Chapter Two: Commercial Strategy Segmentation — A Complete "Solution Menu" (Strategic Segmentation)

What is most striking about TSMC in the Angstrom Era is not only the depth of its technology but also the breadth of its product portfolio. Unlike competitors who often bet on a single technology node (One-size-fits-all), TSMC has precisely carved out two parallel tracks by combining the A16 and N2 families.

This is a "dual-track" business model designed to maximize market share and profit margins.
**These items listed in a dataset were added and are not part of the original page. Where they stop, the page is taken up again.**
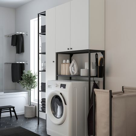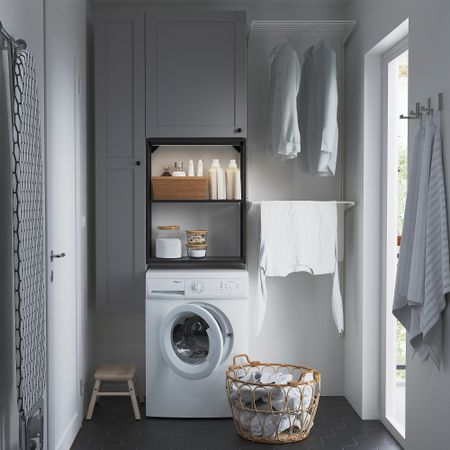 Навесной шкаф с двумя полками, в котором бутылки, банки и другие часто используемые предметы всегда будут под рукой. Уникальные клиновые дюбели упрощают сборку, при этом соединения практически невидимы.
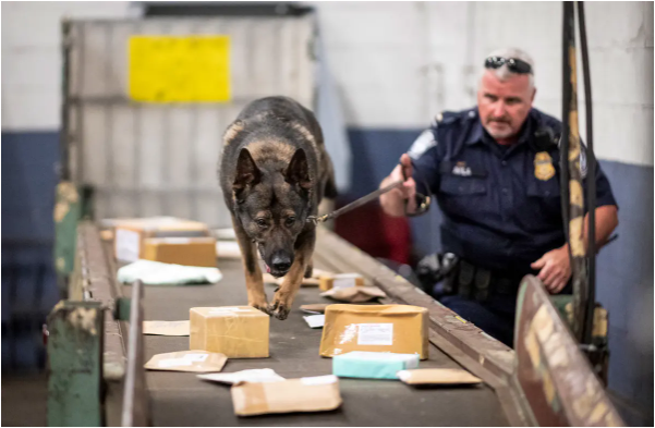 2019年6月24日,在纽约市约翰‧肯尼迪国际机场(John F. Kennedy Airport)的美国邮政服务(U.S. Postal Service)设施,一名美国海关与边境保护局(Customs and Border Protection)贸易和货物处(Trade and Cargo Division)的官员正与一只警犬合作检查包裹。
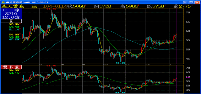 三陽線:股價行進間有如波浪起伏,外加每日盤勢震盪,傳統K線雖然可以表達上下震盪狀態,但是經常無法說明主要趨勢力道,讓投資人陷入「見樹不見林」的窘境。為了解決主要方向問題,利用強勢股必須先過三日高之股價特性,特別設計三陽線指標。 |
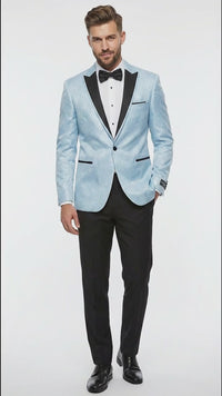 Men’s Baby Blue Tuxedo Blazer with Black Lapel – Formal Dinner Jacket for Wedding, Prom and Evening Events in Sky Light Blue Color
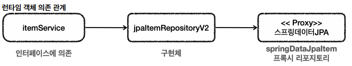 - itemService -> jpaItemRepositoryV2 -> springDataJpaItemRepository(프록시 객체)

1. Pinnacle Strategy: A16 + SPR — Targeting "Cost-No-Object" AI Crown Jewels

• Product Positioning: Ultra-Premium.
• Core Technology: Combines Nanosheet transistor architecture + SPR (Super Power Rail) backside power delivery technology.
• Target Customers: HPC (High-Performance Computing) and AI data center chips.
  • Typical Representatives: NVIDIA's next-generation GPUs (e.g., successors to the Rubin architecture), AMD MI series, Google TPU v6/v7.
• Commercial Logic:
  • These customers are least sensitive to chip prices (Price Inelastic). For a GPU selling for $50,000, an additional $500 in chip cost is irrelevant; the key is that compute power and power efficiency must be world-leading.
  • Value of SPR: For these massive chips, SPR solves the most troublesome "power delivery bottleneck" and "signal congestion." This allows more transistors to be packed into the same area, boosting performance by 8-10% or more. This 10% performance increase, for data center operators, translates into billions of dollars in electricity savings and a competitive advantage.
  • Pricing Strategy: TSMC prices this process at the top of the pyramid, enjoying the highest gross margins to harvest the richest profits from the AI wave.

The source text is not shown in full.